Quotes of the Morning: All About the Love
"I feel strongly that there needs to be voluntary personal savings accounts as a part of the Social Security system. I mean, it's got to be a part of a comprehensive package."
-George ‘Dubya’ Bush, April 28, 2005
"President George W. Bush on Thursday acknowledged that Social Security could be shored up without private accounts in another sign of flexibility about his plan that faces stiff opposition in Congress. 'You can solve the solvency issue without personal accounts,' Bush said in an interview with the Radio-Television News Directors Association."
-Reuters, June 2, 2005
“Let it never be said that Bush can’t change. Shucks, he said that voluntary personal saving accounts just had to be part of the plan, and now he’s saying they don’t. With anyone else I’d call this flip flopping, but with Bush I think that this is just another sign of how much our Glorious Leader is willing to give in order to try to make the world a better place.”
-Skippy
“President Bush granted pardons to seven people Wednesday [...] Those granted pardons Wednesday were […] James Edward Reed, Kaufman, Texas, conspiracy to possess marijuana with intent to distribute, sentenced January 1975 to 18 months in prison and two years special parole.”
-Associated Press, June 8, 2005
You see.. Bush is turning over a new leaf (so to speak).

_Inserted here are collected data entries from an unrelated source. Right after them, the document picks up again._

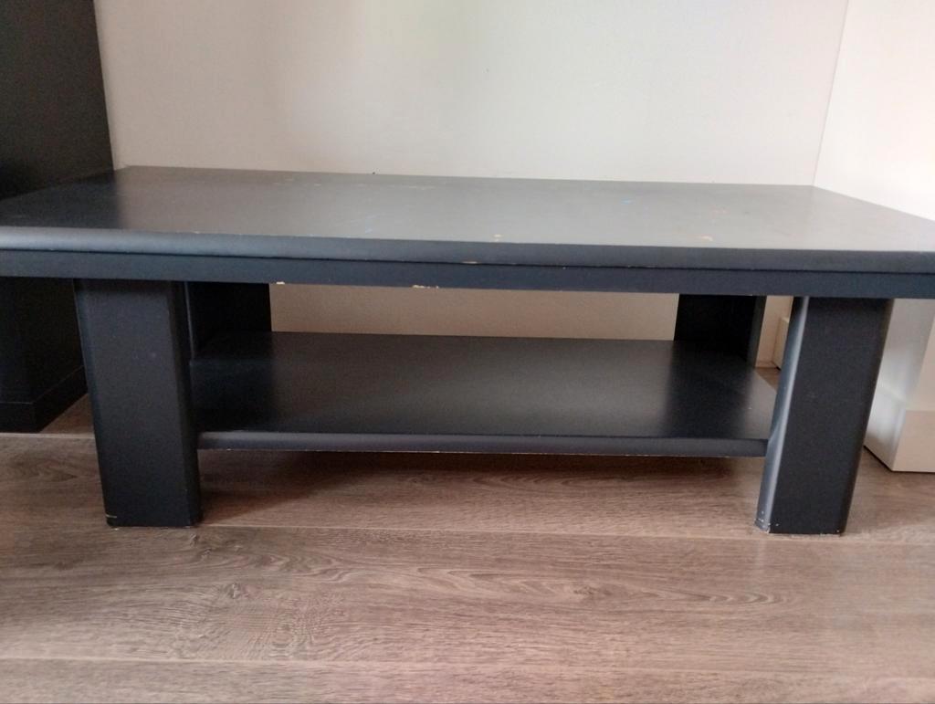 Stevige salontafel. Laatste jaren gebruikt als knutseltafel. Kan een nieuwe verflaag gebruiken. 60 X 121 x h40 cm. Gratis op te halen.
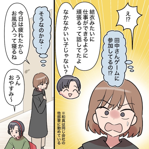 「なぁなぁ、美咲ちゃんって結衣が教育係になってる子?」和真に突然そう聞かれ、私は戸惑いながら「え・・・そうだけど、どうしたの?」と返します。すると彼は、「このゲームのメンバーに今日から入ったからさ」と聞かされます。思いがけない繋がりに、私は驚いてしまいました。
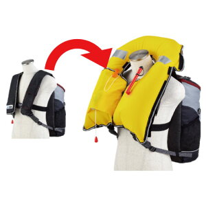 気室:ナイロン、リュック部分:ナイロン ●付属品:ヘルメット・ケミカルライト(12時間持続)・防水ケース(B5サイズ) ●本体サイズ:高さ58015;幅31015;奥行240mm ●重量:約1.45kg ●浮力:約20kg...
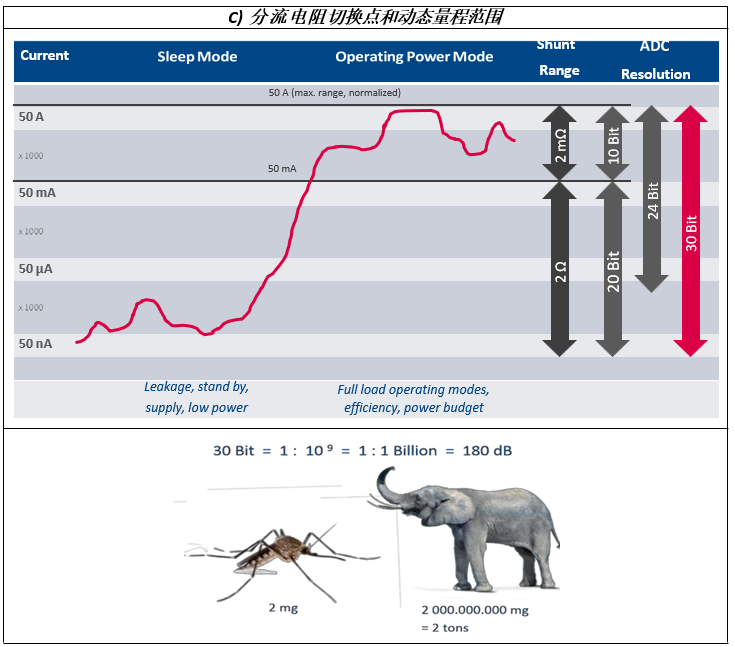 圖 2: 單一分流電阻 vs. 可調分流電阻 – 動態(tài)量程
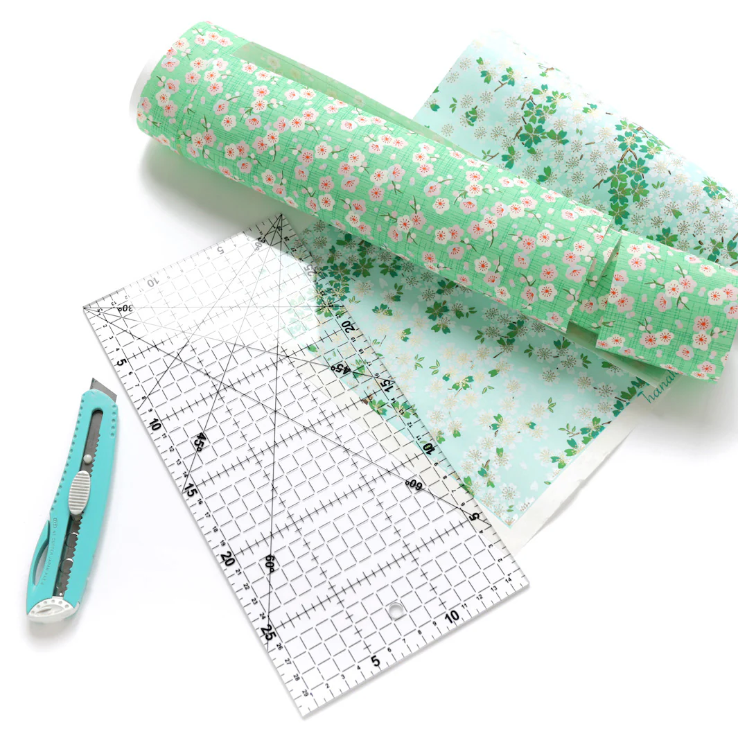 Cette règle de découpe, utilisée initialement pour le patchwork, est idéale pour la découpe du papier japonais.

He’s being more forgiving towards those who distribute drugs. I mean heck, he forgave one guy for dealing pot in the 70s (back in Dubya’s party years in Texas), and then this..”
-Skippy
“Federal prosecutors, wrapping up a drawn-out lawsuit against the tobacco industry, are demanding only a fraction of the $130 billion that the government initially envisioned cigarette makers would have to spend on smoking cessation programs. […] Federal prosecutors said they were willing, instead, to accept a penalty of only about $10 billion, for a five-year program to help people kick the habit.”
-Associated Press, June 8, 2005
“See? All about forgiveness and love. Some cynics might think that this is just payback for the $41 million dollars given to Republican Party candidates between 1990 and 2004 by the tobacco companies, or the $7 million dollars given to Republican candidates between 1997 and 2005 by the Tobacco PAC, or the $6.3 million in soft dollars given by the tobacco industry to the RNC between 1997 to 2002, or the $1.5 million given by the tobacco companies to the 2000 Bush-Cheney inauguration, or even the $113 million that the tobacco industry spent on lobbying the government between 1999 and June of 2004, but they’d be wrong. It’s all about the forgiveness and love that Dear Leader shows us every day.”